The budget allocation of €30m funding for new medicines in Budget 2022 will provide for the reimbursement of both orphan and non-orphan new medicines this year.

The HSE does not maintain a register of which medicines are designated orphan drugs, as the orphan status for a drug is subject to change at European level. However, the HSE anticipates that a number of medicines with orphan status are likely to be approved throughout 2022.

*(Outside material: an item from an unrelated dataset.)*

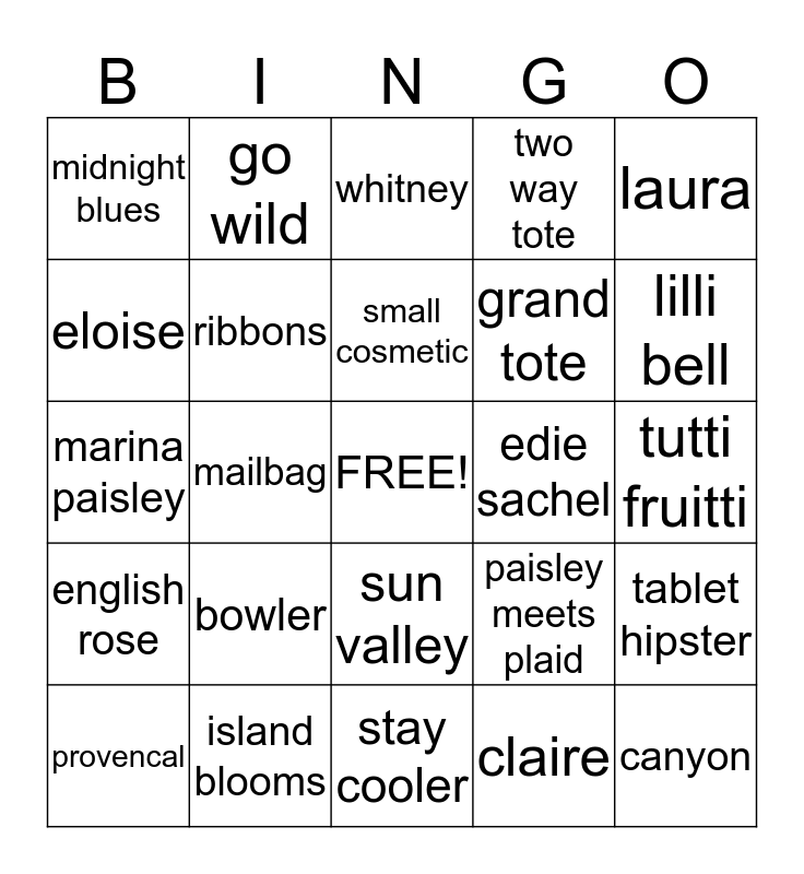 This bingo card has a free space and 24 words: bowler, island blooms, small cosmetic, provencal, laura, midnight blues, eloise, go wild, edie sachel, sun valley, grand tote, marina paisley, paisley meets plaid, tablet hipster, ribbons, claire, tutti fruitti, whitney, lilli bell, mailbag, canyon, english rose, two way tote and stay cooler.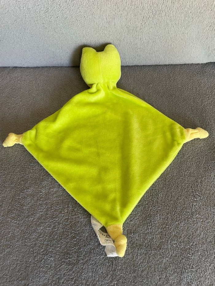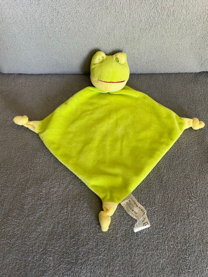 Doudou plat grenouille vert Aux extrémités 3 noeuds jaune +/- 30cm FL HET EEK Occasion en très bon état Vous achetez le doudou que vous voyez sur la photo

Medical Aids and Appliances

Questions (382)

Bernard Durkan

Question:

382. Deputy Bernard J. Durkan asked the Minister for Health the extent to which his attention has been drawn to the difficulties affecting the availability of medical devices throughout the country; if measures are in hand to resolve any issues; and if he will make a statement on the matter. [27130/22]

View answer

Written answers

Regulation (EU) 2017/745 on medical devices (MDR) has been fully applicable as of 26 May 2021 and Regulation (EU) 2017/746 on in vitro Diagnostic Medical Devices (IVDR) becomes fully applicable as of 26 May 2022.  The aim of these new regulations is to provide a robust and consistent regulatory framework for medical devices and enhance public health across the EU, by ensuring that medical devices are safe, perform as intended and afford benefits to patients and healthcare systems.

One of the challenges in implementing these new regulations, relates to the capacity of notified bodies certifying devices under the new regulatory framework, which has indeed been compounded by the Covid-19 pandemic. My department is working closely with the Health Products Regulatory Authority (HPRA) and the EU in considering and addressing this important matter as a priority. It is important to reiterate that full and effective implementation of the new regulatory framework remains a key priority for my department.

To address the specific query regarding difficulties affecting the availability of medical devices, I can confirm that the HPRA has not been informed of specific device shortages in Ireland. The HPRA does encourage medical devices stakeholders, including economic operators, healthcare institutions and healthcare professionals to raise any specific medical device shortages that may relate to Notified Body capacity issues directly with them.

Medical Aids and Appliances

Questions (383)

Bernard Durkan

Question:

383. Deputy Bernard J. Durkan asked the Minister for Health if it is intended to add any issues relating the availability of medical devices to the agenda of the next European Union Health Council Meeting that is due to take place on 17 June 2022; and if he will make a statement on the matter. [27131/22]

View answer

Written answers

The next meeting of the Employment, Social Policy, Health and Consumer Affairs Council (Health) is due to take place in Luxembourg on 14 June 2022. I understand the draft agenda will include an item relating to the implementation of the Medical Devices Regulation.